The use of cold water from Lake Ontario to cool office buildings in Toronto's downtown core is an excellent example of progressive thinking, planning and action. After it has been used for cooling it is used (slightly warmer) as drinking water by the city in the usual fashion.

The Smart car gets 75 miles to the gallon - one day it may be a common sight in all traffic together with vehicles that are perhaps even more efficient.

We've got to get with it before we hit the proverbial wall.


Exclude my computer from the list of power parasites: when it is switched off, it appears to be non-consumptive, I think/hope.

What a pile of crap. Hartman is speaking of things he doesn't understand or choosing to mislead others... I won't bother to speculate... that would simply give him more of the attention he appears to be seeking.

Then, segueing into "Peak Oil", yet another unfounded conspiracy theorist's platform... whose own data is contradictory, when not outright erroneous.

Some truths for consideration:

1.) The earth's population growth is not a significant factor though, logistics of accessibility to food, water and shelter can give this misperception at times i.e. 2 of the most densely populated regions on Earth, India and China are net exporters of food and have no overall or pending water shortage issues... now extrapolate these 2 billion people globally and you start to get the picture. At present, a land mass the size of Texas could feed the world.

2.) Resources are finite, yes but, as this forum focuses principally on fossil fuels, we have over 100 years of known reserves and likely 140 to 200 years with yet to be "discovered" and exploited. The winning bet would be that as substitutes for fossil fuels are developing quickly, the price of fossil fuels might well drop rather than straight-line increase over the next hundred years.

3.) As for climatic change, guess what? The climate has always changed, is changing and will continue to change... that's called nature and that means opportunity for us. As some areas become arid others becoming tropical. It is change that causes economic stimulus and opportunity. I hate to say it but, every time we have a hurricane, flood or earthquake, it stimulates the economy.

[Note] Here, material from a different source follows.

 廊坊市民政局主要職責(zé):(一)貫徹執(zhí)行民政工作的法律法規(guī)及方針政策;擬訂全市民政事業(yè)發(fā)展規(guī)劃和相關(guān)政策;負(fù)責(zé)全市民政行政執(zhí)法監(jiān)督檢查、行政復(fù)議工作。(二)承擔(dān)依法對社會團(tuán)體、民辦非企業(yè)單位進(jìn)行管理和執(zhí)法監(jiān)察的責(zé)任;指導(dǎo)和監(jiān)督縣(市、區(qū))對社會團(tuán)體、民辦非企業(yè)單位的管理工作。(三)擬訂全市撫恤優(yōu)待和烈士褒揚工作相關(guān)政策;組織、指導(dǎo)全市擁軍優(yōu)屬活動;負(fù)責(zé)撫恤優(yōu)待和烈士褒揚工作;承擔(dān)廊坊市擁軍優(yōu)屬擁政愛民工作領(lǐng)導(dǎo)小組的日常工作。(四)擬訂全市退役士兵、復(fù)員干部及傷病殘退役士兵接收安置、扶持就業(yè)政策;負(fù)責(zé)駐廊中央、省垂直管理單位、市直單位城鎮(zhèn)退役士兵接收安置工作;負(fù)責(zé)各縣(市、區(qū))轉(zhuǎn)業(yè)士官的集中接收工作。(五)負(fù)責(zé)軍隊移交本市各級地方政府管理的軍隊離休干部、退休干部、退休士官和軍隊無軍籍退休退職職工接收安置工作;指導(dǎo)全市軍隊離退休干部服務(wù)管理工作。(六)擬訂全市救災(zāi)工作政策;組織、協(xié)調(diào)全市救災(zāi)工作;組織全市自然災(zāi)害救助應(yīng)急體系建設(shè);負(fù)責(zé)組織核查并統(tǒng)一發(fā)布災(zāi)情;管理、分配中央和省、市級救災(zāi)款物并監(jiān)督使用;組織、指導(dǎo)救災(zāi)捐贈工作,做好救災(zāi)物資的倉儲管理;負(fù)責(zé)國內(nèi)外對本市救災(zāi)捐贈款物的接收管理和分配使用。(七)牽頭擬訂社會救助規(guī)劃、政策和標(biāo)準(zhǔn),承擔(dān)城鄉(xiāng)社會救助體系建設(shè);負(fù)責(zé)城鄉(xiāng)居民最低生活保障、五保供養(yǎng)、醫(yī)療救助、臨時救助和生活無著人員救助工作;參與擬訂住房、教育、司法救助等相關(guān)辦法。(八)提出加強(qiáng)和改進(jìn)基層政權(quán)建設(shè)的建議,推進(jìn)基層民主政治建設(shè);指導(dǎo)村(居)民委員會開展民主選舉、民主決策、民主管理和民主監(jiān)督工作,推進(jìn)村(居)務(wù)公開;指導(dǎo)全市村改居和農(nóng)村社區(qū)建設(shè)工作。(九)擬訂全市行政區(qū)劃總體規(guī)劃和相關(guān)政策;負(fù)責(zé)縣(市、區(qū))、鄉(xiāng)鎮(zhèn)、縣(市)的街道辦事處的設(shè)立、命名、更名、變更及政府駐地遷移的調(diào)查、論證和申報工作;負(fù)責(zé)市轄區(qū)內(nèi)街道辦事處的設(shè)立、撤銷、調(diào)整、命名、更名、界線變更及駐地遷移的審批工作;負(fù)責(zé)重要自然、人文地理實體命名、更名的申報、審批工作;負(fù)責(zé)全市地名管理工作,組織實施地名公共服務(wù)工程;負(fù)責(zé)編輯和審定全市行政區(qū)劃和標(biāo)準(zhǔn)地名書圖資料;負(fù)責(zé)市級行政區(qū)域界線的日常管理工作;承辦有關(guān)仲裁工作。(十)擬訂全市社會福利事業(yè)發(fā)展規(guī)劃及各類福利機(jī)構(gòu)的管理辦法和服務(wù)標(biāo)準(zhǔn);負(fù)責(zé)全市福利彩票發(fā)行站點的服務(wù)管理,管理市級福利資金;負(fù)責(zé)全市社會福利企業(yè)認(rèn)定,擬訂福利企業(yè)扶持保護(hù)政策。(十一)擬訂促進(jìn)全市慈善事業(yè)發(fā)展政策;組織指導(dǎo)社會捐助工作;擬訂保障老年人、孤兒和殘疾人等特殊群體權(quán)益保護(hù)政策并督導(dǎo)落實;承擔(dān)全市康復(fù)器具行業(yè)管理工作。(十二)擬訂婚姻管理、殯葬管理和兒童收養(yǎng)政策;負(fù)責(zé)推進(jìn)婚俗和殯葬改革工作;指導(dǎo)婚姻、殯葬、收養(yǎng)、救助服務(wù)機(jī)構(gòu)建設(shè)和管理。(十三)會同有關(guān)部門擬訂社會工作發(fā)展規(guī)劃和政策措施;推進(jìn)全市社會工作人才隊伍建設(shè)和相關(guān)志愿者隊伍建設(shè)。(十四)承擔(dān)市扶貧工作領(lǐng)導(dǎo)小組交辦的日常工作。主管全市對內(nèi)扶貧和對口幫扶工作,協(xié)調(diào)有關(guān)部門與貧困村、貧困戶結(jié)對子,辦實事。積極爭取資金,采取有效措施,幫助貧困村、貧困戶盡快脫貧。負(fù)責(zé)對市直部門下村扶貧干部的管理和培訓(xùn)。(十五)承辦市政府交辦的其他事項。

4.) Finally, let's put things into perspective. The world is getting better, not worse. It's only the media that chooses to sell the easy spin on things being worse that misleads us... that includes the extinction of species. Yes, human impact is not always good on other animal life however, the world is far more adaptive than some would have us believe and the status quo is not an environmental norm or desirable objective. Once again, things change and that is what is normal and desirable. For the record, approx. 93% of all life that existed before humankind came to walk the Earth was extinct before we arrived.

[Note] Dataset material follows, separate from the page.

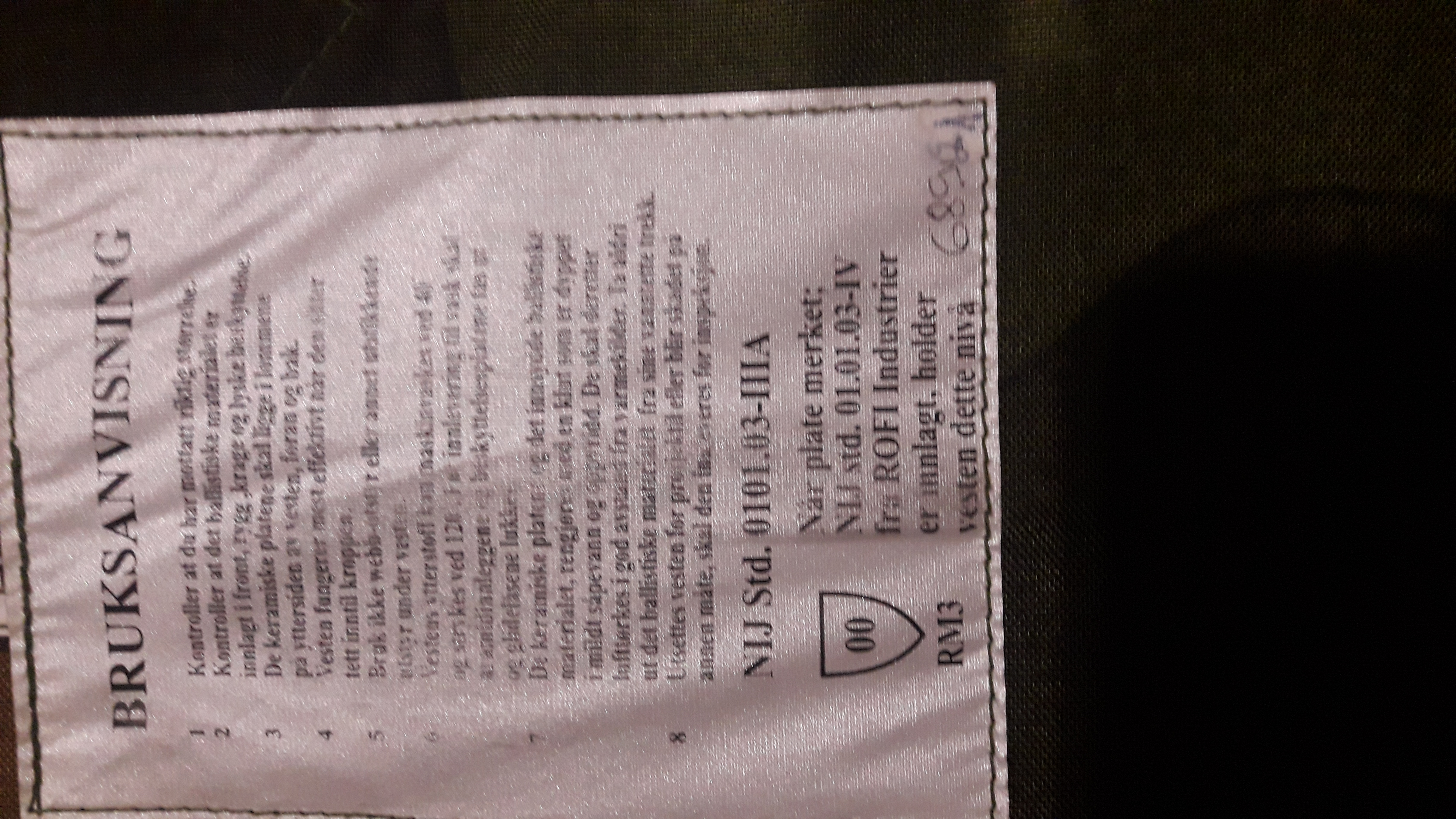 Akf Trumm, omades käesoleval hetkel eelpool kirjeldatud vesti, võin öelda seda, et vestis olevad plaadid ei ole mingid hiinakad vaid Norra riigi poolt koos vestidega ostetud plaadid.

For a while I honestly believed that the polluted air, polluted water and polluted land that everyone knows are all around us are actually for real.

Thank you, QuasiMe, for identifying all the problems that mankind has inflicted on planet
Earth and upon itself in the last century and a half of industrialization as "A pile of crap."

Why would anyone reduce polluting, look for cleaner energy alternatives and reverse (if possible) the damage already done if the problems only exist in the fertile imagination of some mad scientists and the agenda driven media?